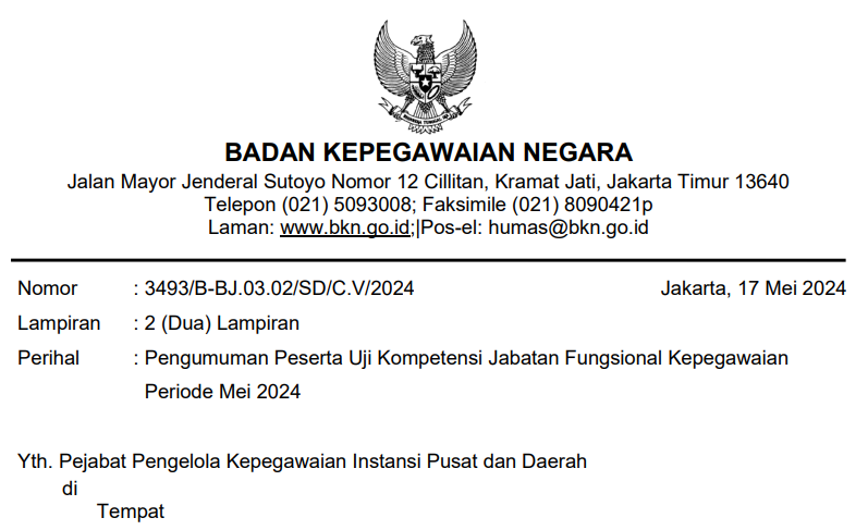 Pengumuman Peserta Uji Kompetensi Jabatan Fungsional Kepegawaian Periode Mei 2024
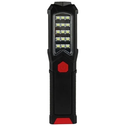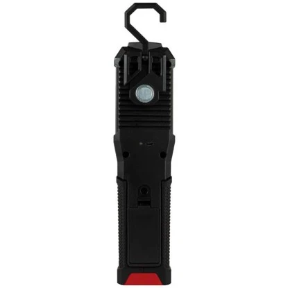 Die REV Ritter LED-Akku-Handlampe Torch mit Taschenlampenfunktion überzeugt durch Ihre kompakte Bauform. Sie lässt sich leicht transportieren und sorgt überall dort für Licht, wo keine Steckdose verfügbar ist. Bis zu 7,5 Stunden Licht ohne Strom, durch den integrierten Lithiumionenakku. Die Leuchte ist somit universell einsetzbar und das ideale Gerät für Arbeit, Hobby und Camping. Der neigbare Standfuß kann zusätzlich auf metallenen Gegenständen mit dem integrierten Magnet befestigt werden. Zusätzlich bietet die Leuchte einen Haken zum Aufhängen um Arbeiten in der Hobby- Werkstatt oder am Auto zu erleichtern. Im Lieferumfang befindet sich ein USB-Ladekabel zum Aufladen. Mit einer Leuchtkraft von 400 Lumen spendet die Arbeitsleuchte helles Licht. Es können drei verschiedene Leuchtmodi durch drücken ausgewählt werden. (1x Volle Leistung, 2x niedrigste Leistung, 3x Taschenlampe). Die maximale Leuchtdauer ist abhängig vom ausgewählten Modus.
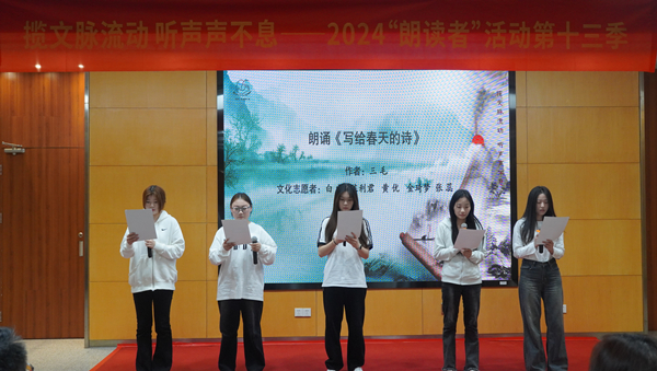 随后,金陵图书馆“朗读者”文化志愿者们开始了精彩传情的朗诵展演——缤纷之《谷雨》,思《少年为何而读书》。《爱在江南》,把悠然长情,化为《写给春天的诗》,脉脉《乡愁》,《当翻开的书页铺满我的梦》,我们要《且惜春光且种希望》,在这辉煌的时代,《烽烟已散节气长存》,《我们是一群追梦的孩子》,我们要在《长江》之滨,书写自己的故事。精彩的朗诵赢得了现场观众的热烈掌声。
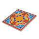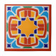 Brighten your space with this colorful Moroccan sun star ceramic tile in vibrant blue, yellow, and orange. Perfect for kitchen backsplash, wall art, or Mediterranean decor.
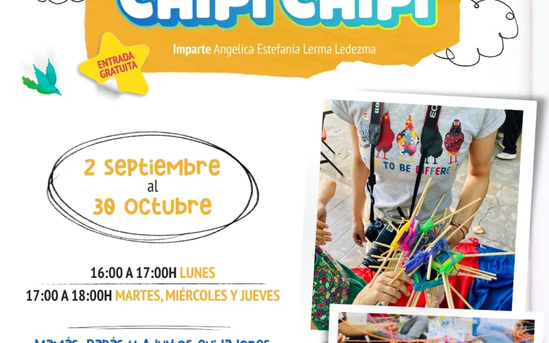 Finalmente, para madres, padres y adultos y creadores, se contará con el taller “Chipi Chipi” desde el 2 de septiembre al 30 de octubre con sesiones los días lunes de 4 a 5 de la tarde y martes, miércoles y jueves de 17:00 a 18:00 horas. Los mayores podrán disfrutar de danza, narraciones e instalaciones de juego.
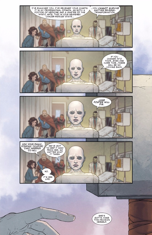 All this talk of cost brings the story back to Jane Foster, who more than any character in this series understands just how much power can cost. She is unable to confront the Mangog because her superhero friends – Doctor Strange, the Falcon, the Odinson, and Roz Solomon- have instigated an intervention to try and convince her to put Thor on hold for awhile so her cancer can be healed. As Stephen details to Jane after examining her with magic, turning into Thor is literally costing her her life.

━━━━━━━━━━━━━━━━━━━━━━━━━━━━━━

**YOUR OBJECTIVE**
Please write out the lines above, beginning at the line with "Brighten your space" and ending at the last line of the records, exactly as they appear and without pictures.

**RESPONSE AREA**
 Brighten your space with this colorful Moroccan sun star ceramic tile in vibrant blue, yellow, and orange. Perfect for kitchen backsplash, wall art, or Mediterranean decor.
 Finalmente, para madres, padres y adultos y creadores, se contará con el taller “Chipi Chipi” desde el 2 de septiembre al 30 de octubre con sesiones los días lunes de 4 a 5 de la tarde y martes, miércoles y jueves de 17:00 a 18:00 horas. Los mayores podrán disfrutar de danza, narraciones e instalaciones de juego.
 All this talk of cost brings the story back to Jane Foster, who more than any character in this series understands just how much power can cost. She is unable to confront the Mangog because her superhero friends – Doctor Strange, the Falcon, the Odinson, and Roz Solomon- have instigated an intervention to try and convince her to put Thor on hold for awhile so her cancer can be healed. As Stephen details to Jane after examining her with magic, turning into Thor is literally costing her her life.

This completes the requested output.